Abstract

Abstract Dysregulated extracellular vesicle (EV) release has been implicated in various pathologies, including cancer, neurodegenerative disease and osteoarthritis. Despite clear therapeutic potential, drug screening for EV release modulators has yielded limited success due to the lack of a sensitive and scalable EV read-out system. Here, we employed CRISPR-Cas9 to engineer HEK293 cells expressing HA-NanoLuciferase-(NL)-tagged endogenous CD63. We found that under basal culture conditions, CD63-containing EVs are released via a mechanism that is independent of the exocytic SNARE protein SNAP23, presumably by direct budding from the plasma membrane. Endo-lysosome inhibition by chemical or genetic perturbation of vATPase strongly increased SNAP23 and nSmase2-dependent exosome secretion from intracellular compartments. Proteomic analysis revealed these exosomes are enriched for early- and late endosomal markers, but also for autophagosomal proteins. This suggests that a proportion of these exosomes originate from amphisomes, although chemical inhibition of canonical autophagy did not affect exosome secretion upon lysosome inhibition.

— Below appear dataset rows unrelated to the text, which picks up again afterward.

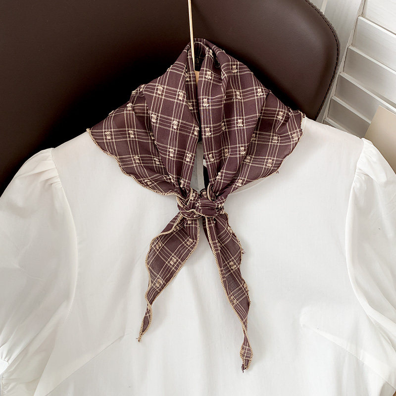 天猫日系风格子点点卷边棉质三角方巾女春秋丝巾系脖配饰搭配T恤领巾
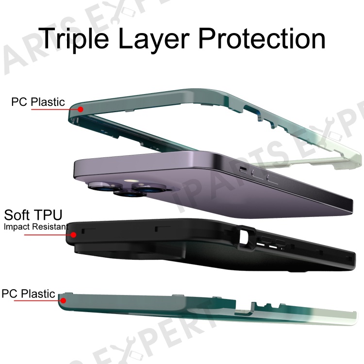 - The fusion of two premium materials: soft TPU and hard plastic, provide great protection
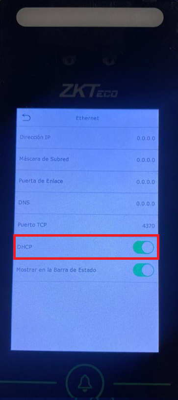 Posteriormente conectar el cable ethernet y activar el DHCP en el checador

Using a broad- spectrum kinase inhibitor screen, we identified and subsequently validated the lipid kinase PI4KIIIβ as a critical mediator of exosome secretion and amphisome-mediated secretory autophagy, upon lysosome inhibition. We conclude that tagging of endogenous CD63 with NanoLuciferase represents a sensitive, scalable reporter strategy that enables identification of (druggable) modulators of EV biogenesis and release under physiological and pathological conditions.